§ **What this task involves**
Only the lines from the one that contains "(O Mundo Moderno)." through the last line of the data below should be duplicated, exactly and without pictures.

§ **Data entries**

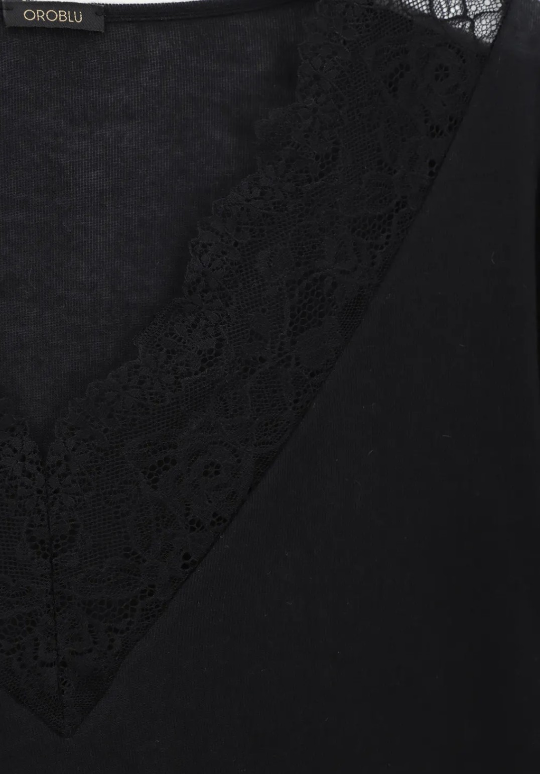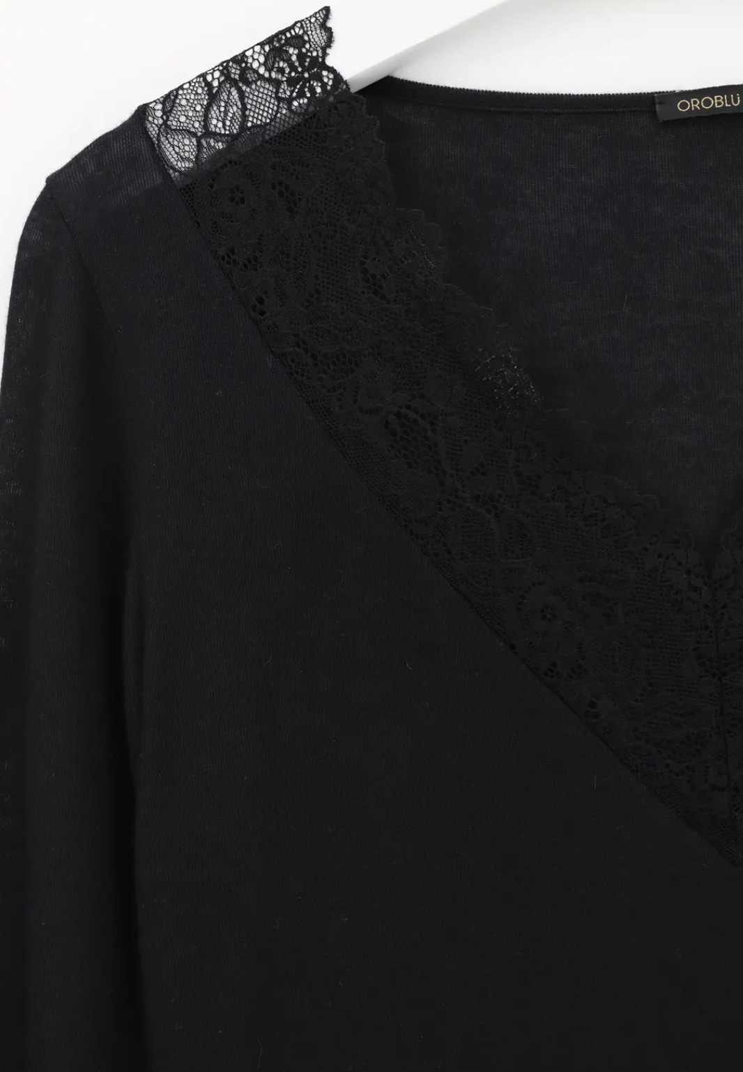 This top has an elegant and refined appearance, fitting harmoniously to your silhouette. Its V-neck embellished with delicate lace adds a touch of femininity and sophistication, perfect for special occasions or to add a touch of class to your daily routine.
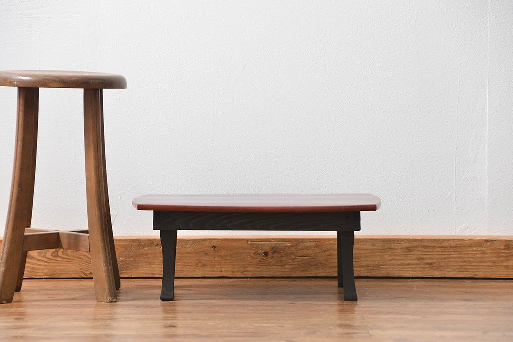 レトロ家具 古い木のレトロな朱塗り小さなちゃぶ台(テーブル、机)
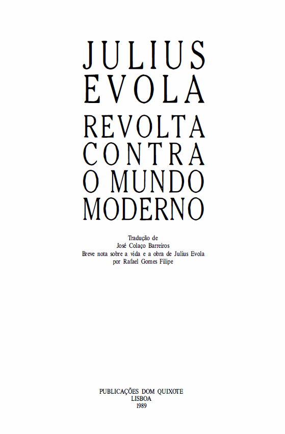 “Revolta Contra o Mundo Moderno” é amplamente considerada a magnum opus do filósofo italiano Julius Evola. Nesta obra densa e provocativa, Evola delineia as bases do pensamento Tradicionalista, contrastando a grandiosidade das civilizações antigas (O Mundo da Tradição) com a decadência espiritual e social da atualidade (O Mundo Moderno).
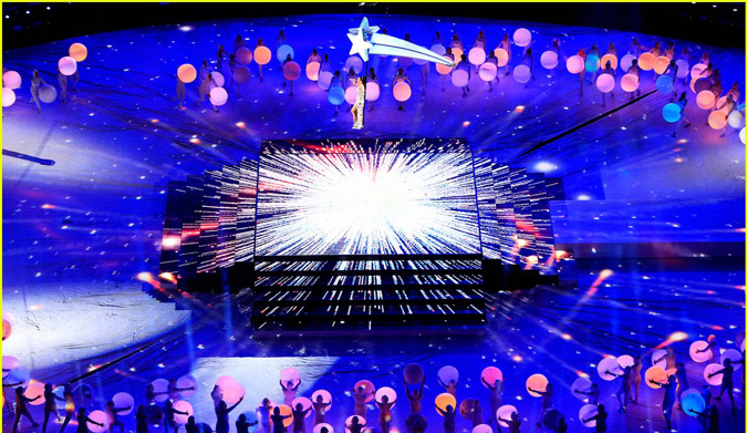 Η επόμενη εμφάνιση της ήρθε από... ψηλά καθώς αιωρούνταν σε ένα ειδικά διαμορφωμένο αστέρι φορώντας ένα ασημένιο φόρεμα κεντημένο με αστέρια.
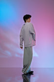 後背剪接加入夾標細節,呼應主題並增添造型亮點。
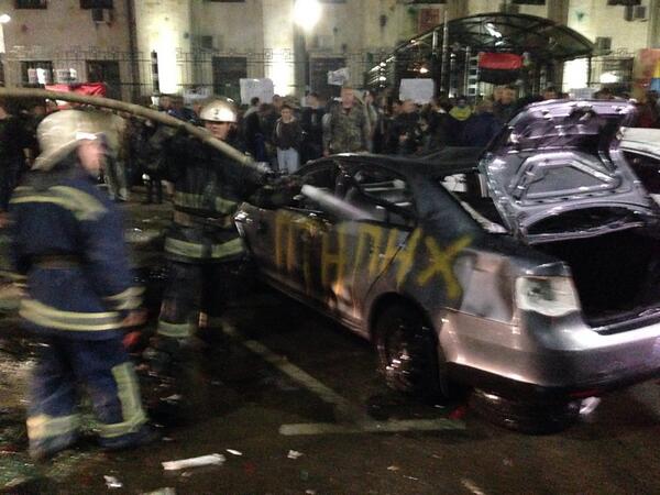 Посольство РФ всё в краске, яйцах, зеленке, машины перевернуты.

§ **Solution for this problem**
 “Revolta Contra o Mundo Moderno” é amplamente considerada a magnum opus do filósofo italiano Julius Evola. Nesta obra densa e provocativa, Evola delineia as bases do pensamento Tradicionalista, contrastando a grandiosidade das civilizações antigas (O Mundo da Tradição) com a decadência espiritual e social da atualidade (O Mundo Moderno).
 Η επόμενη εμφάνιση της ήρθε από... ψηλά καθώς αιωρούνταν σε ένα ειδικά διαμορφωμένο αστέρι φορώντας ένα ασημένιο φόρεμα κεντημένο με αστέρια.
 後背剪接加入夾標細節,呼應主題並增添造型亮點。
 Посольство РФ всё в краске, яйцах, зеленке, машины перевернуты.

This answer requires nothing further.